THE MYSTERY THAT IS THE MASTER


Who Sri Ramakrishna was is impossible to determine. I am of the opinion, and it is entirely my personal observation, that even ‘The Gospel of Sri Ramakrishna’ cannot quite reveal the true depth of the personality of the Master for it seems that the written word invariably deflects from the truth, bound as it is in the limitation of the literary form. ‘The Divine Play of Sri Ramakrishna’ offers another clue to the mystery that is the Master but fails to plumb the fathomless depth of his personality for the word ever falls short of the Word that has become flesh. While ‘The Gospel...’ articulates in dramatic style the words of the Master, albeit, slightly polished for propriety’s sake, it, therefore, necessarily suffers from the defect of the ‘drama’ in not allowing enough time lapse for the long pauses which used to occur between phases of the verbal torrents of the Master. It is stylistically bound to the dramatic form and is, therefore, an incessant outflow of the Master’s words which gives the impression to the reader that the Master was constantly in the mode of speech quite contrary, though, to the actual state of things as recorded by Mohendranath Datta in his ‘Sri Sri Ramakrishner Anudhyan’ where he beautifully brings out the long pauses between the articulations of the Master and the rapt silence that enveloped the atmosphere around him, transporting his listeners to an ethereal world, quite beyond the senses, a world of subtle ideas and conceptions, a realm of consciousness quite beyond the humdrum reality of everyday life, a world so different that the author admits his inability to clearly express it in words.

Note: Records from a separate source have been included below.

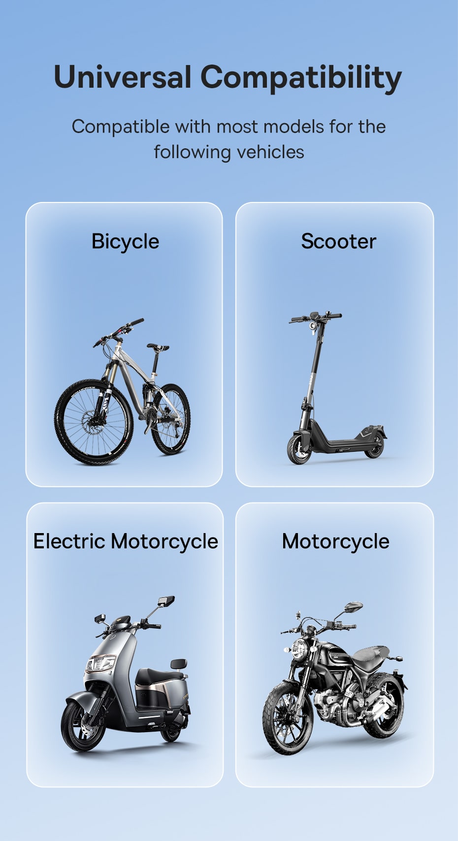 🔄 Tương Thích Rộng Rãi: Ngàm kẹp đa năng, dễ dàng lắp đặt trên hầu hết các loại ghi đông xe đạp, xe scooter, xe máy điện... mang lại sự linh hoạt tối đa.
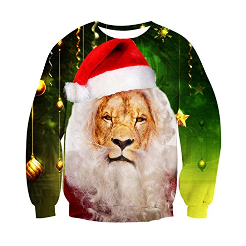 Leapparel-Ladies-3D-Animal-lion-Ugly-Christmas-Sweater-elf-Printed-Novelty-Travel-Long-Sleeve-T-shirt-Top-Shirts-Green
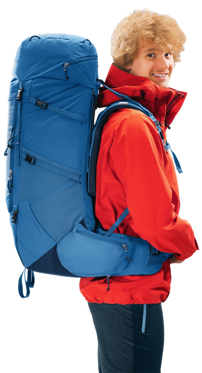 Batoh má kvalitní nastavitelný zádový systém Aircontact se síťovinou Air Spacer a ventilačním kanálem, což zajistí pohodlné nošení i v teplejším počasí. Ramenní popruhy ActiveFit jsou anatomicky tvarované s nastavitelným hrudním popruhem. Bederní pás je polstrovaný a anatomicky tvarovaný pro efektivní rozložení zátěže. Navíc má dvě odnímatelné kapsy o objemu 3 l na zip a v pravé kapse je ještě pouzdro na lahev o objemu 1,5 l.
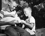 Baby Bunnies - Thomas Kirke, right, holds two of six tiny rabbits he and his brother Alfred, left, entered in a pet show Tuesday. that's Mother Rabbit in Afred's arms. The boys are sons of Mr. and Mrs. Alfred Kirke of 2605 Rand.
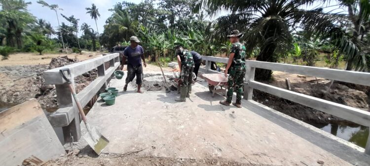 LANGKAT| Di bawah sengatan terik matahari dan guyuran hujan yang tak menentu, semangat personel Satgas TMMD ke-128 Kodim 0203/Lkt dalam membangun jembatan di Desa Pasar Rawa, Kec. Gebang, Kab. Langkat, tetap membara.

Other versions of the Master’s life and words abound, those of Ram Chandra Datta (refer, ‘Sri Sri Ramakrishner Jeevanbrittanta’), Girish Chandra Sen, Suresh Chandra Datta, Swami Brahmananda, Swami Vivekananda (refer,‘My Master’) and Akshay Kumar Sen (refer, ‘Sri Sri Ramakrishna Punthi’), but all these succeed merely in giving partial or self-coloured representations of the Master’s personality. It seems that the Master was so wide a being and with such profundity of personality that anyone, however great, and this includes the mighty Vivekananda as well, could at best present only a fractional view of his great being and the perceptive reader would have to form his image of the Master by resolving all these different biographical impressions in his meditations to arrive at a totality of personal understanding of the Master. Such an impression would, however, again fall short of the real magnitude of the Master’s being but, then, what can be done about it? Can the infinite ever be apprehended by finite means, that of the material mind of mortal man? That is an impossibility. So, where does it all boil down to eventually? Back to ‘The Gospel of Sri Ramakrishna’ and ‘The Divine Play of Sri Ramakrishna’ for hints and clues to the unravelling of this marvellous mystery, the Master. Let us be original and don our spiritual sleuth-selves as we follow the terrestrial trail of the Master in finally discovering him our way. May the Master himself bless us with this revelation!